→ What is needed
The whole listing that follows is to be restated word for word, images excluded.

→ Collected material
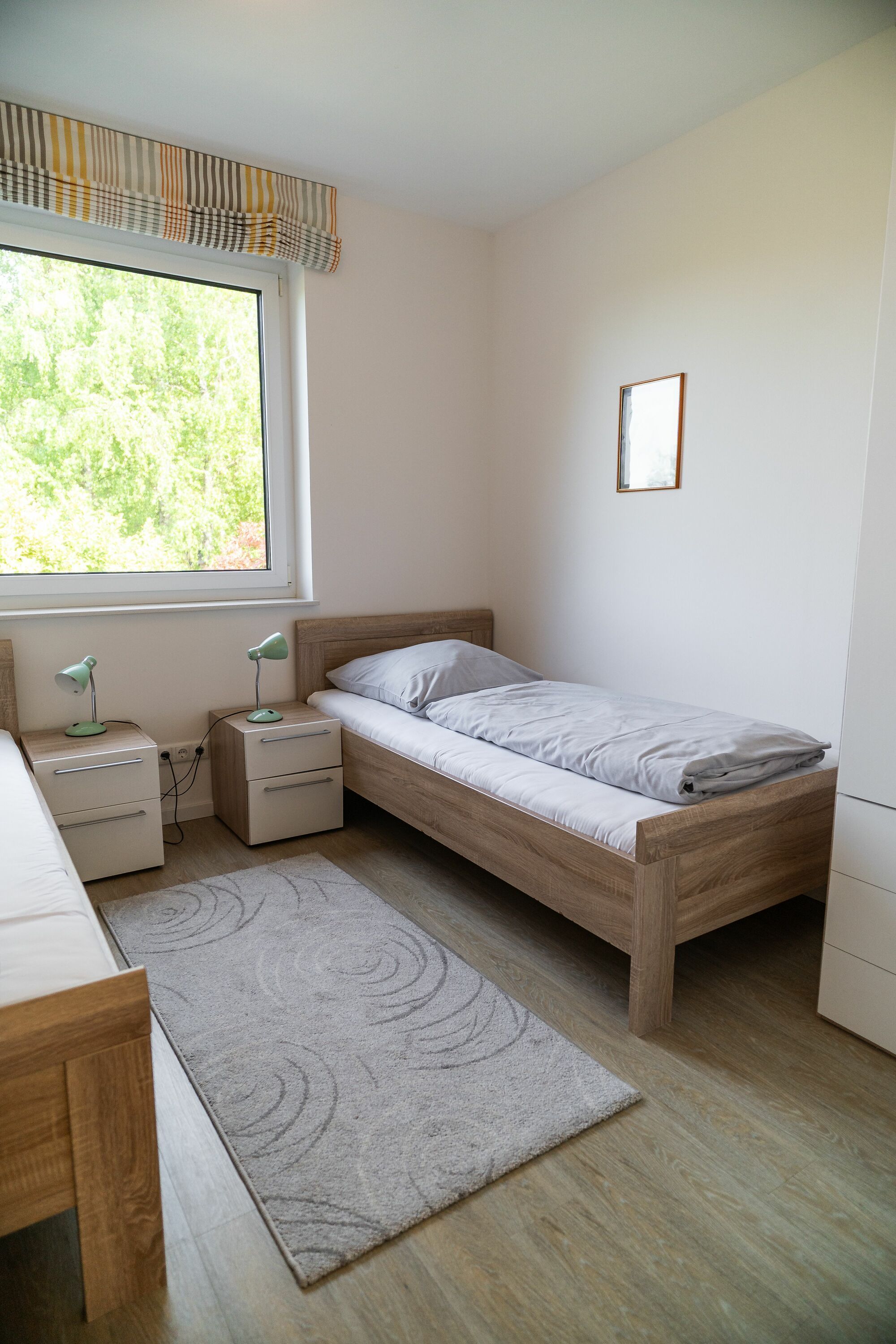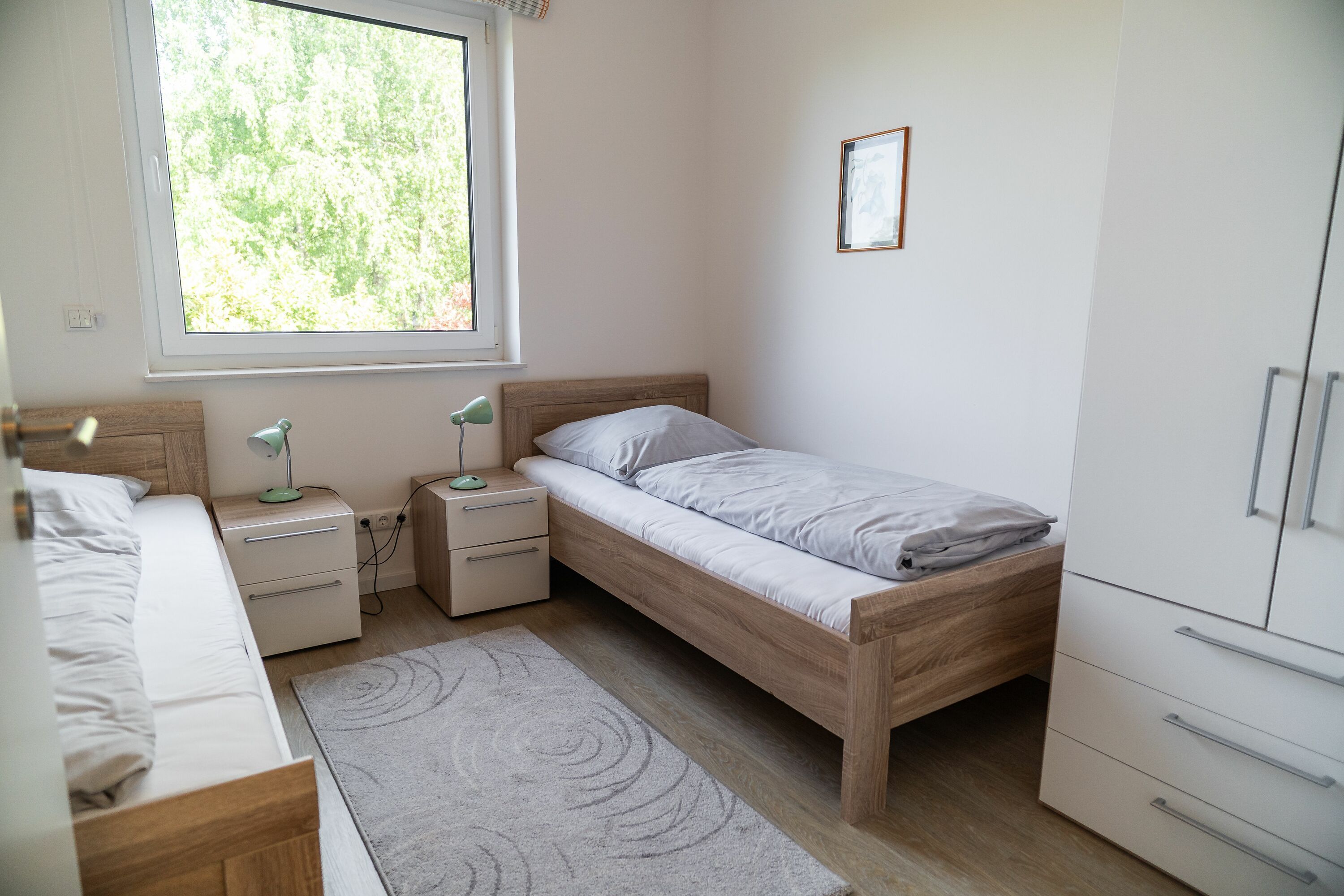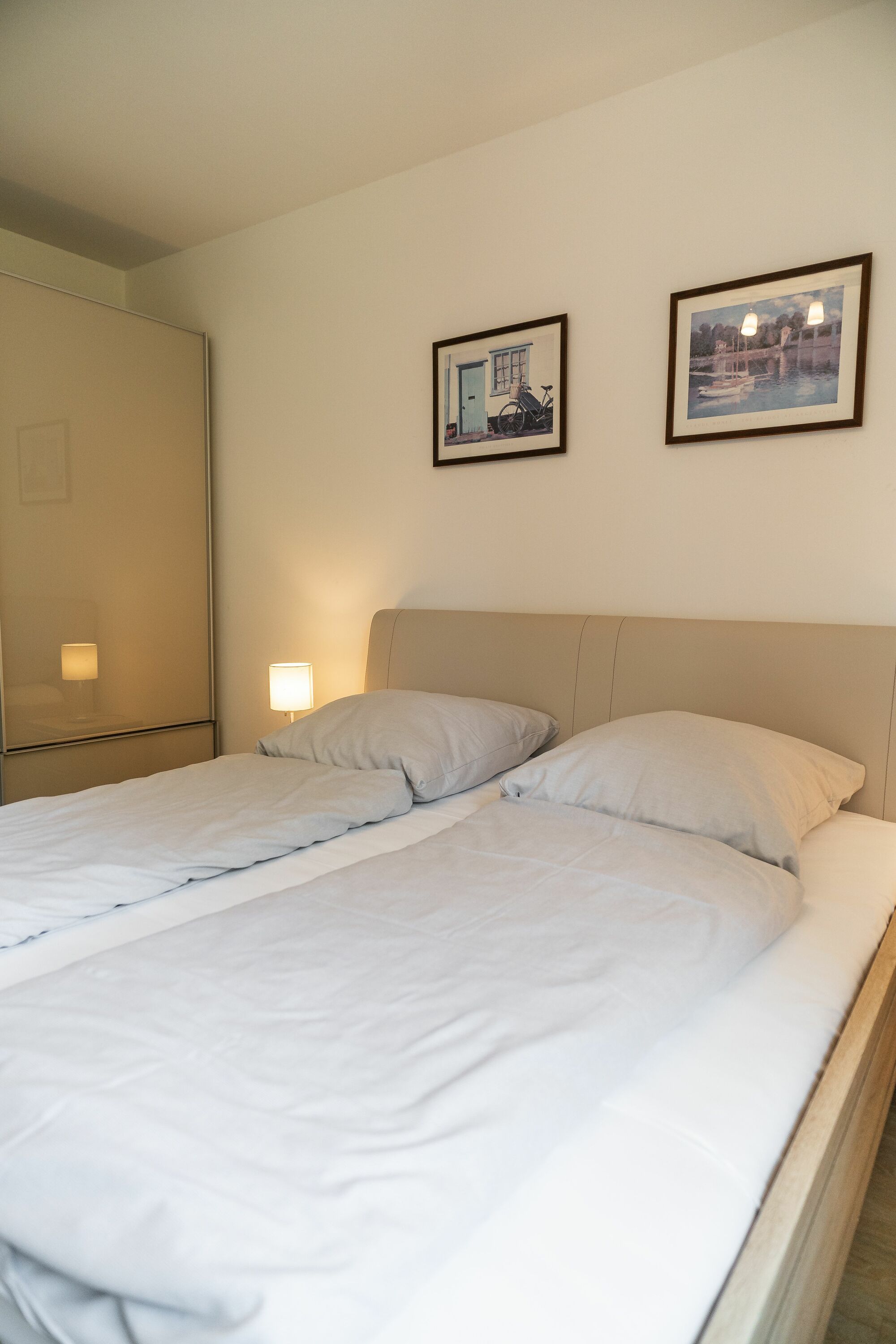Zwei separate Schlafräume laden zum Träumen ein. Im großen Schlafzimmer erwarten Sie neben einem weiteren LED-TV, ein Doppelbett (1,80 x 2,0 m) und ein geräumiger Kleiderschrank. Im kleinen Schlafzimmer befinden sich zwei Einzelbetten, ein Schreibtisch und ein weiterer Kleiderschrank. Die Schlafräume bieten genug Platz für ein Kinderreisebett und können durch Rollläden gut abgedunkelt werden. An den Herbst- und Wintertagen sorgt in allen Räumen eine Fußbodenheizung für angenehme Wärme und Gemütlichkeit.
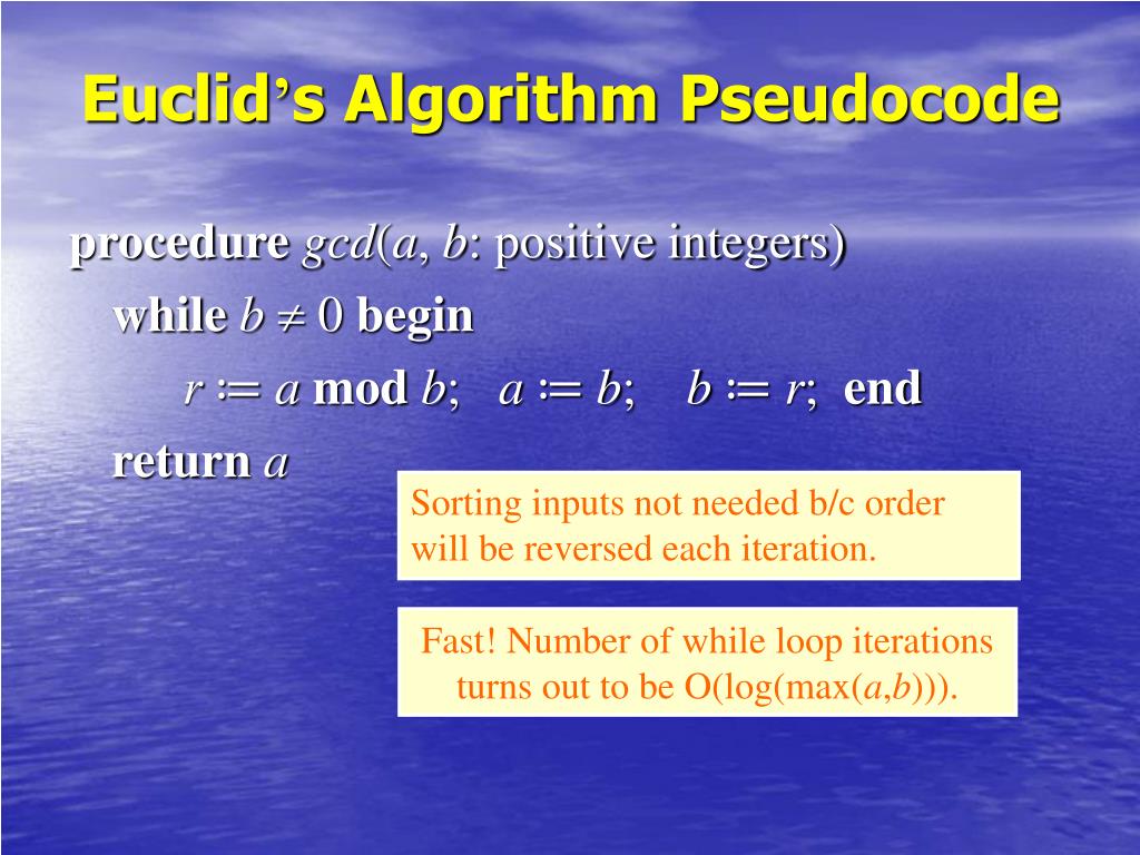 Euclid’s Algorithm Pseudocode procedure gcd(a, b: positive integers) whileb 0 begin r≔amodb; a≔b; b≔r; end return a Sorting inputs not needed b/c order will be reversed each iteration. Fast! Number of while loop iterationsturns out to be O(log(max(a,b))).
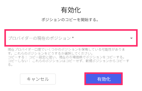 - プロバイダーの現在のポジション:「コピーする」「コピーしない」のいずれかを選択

→ Final answer
Zwei separate Schlafräume laden zum Träumen ein. Im großen Schlafzimmer erwarten Sie neben einem weiteren LED-TV, ein Doppelbett (1,80 x 2,0 m) und ein geräumiger Kleiderschrank. Im kleinen Schlafzimmer befinden sich zwei Einzelbetten, ein Schreibtisch und ein weiterer Kleiderschrank. Die Schlafräume bieten genug Platz für ein Kinderreisebett und können durch Rollläden gut abgedunkelt werden. An den Herbst- und Wintertagen sorgt in allen Räumen eine Fußbodenheizung für angenehme Wärme und Gemütlichkeit.
 Euclid’s Algorithm Pseudocode procedure gcd(a, b: positive integers) whileb 0 begin r≔amodb; a≔b; b≔r; end return a Sorting inputs not needed b/c order will be reversed each iteration. Fast! Number of while loop iterationsturns out to be O(log(max(a,b))).
 - プロバイダーの現在のポジション:「コピーする」「コピーしない」のいずれかを選択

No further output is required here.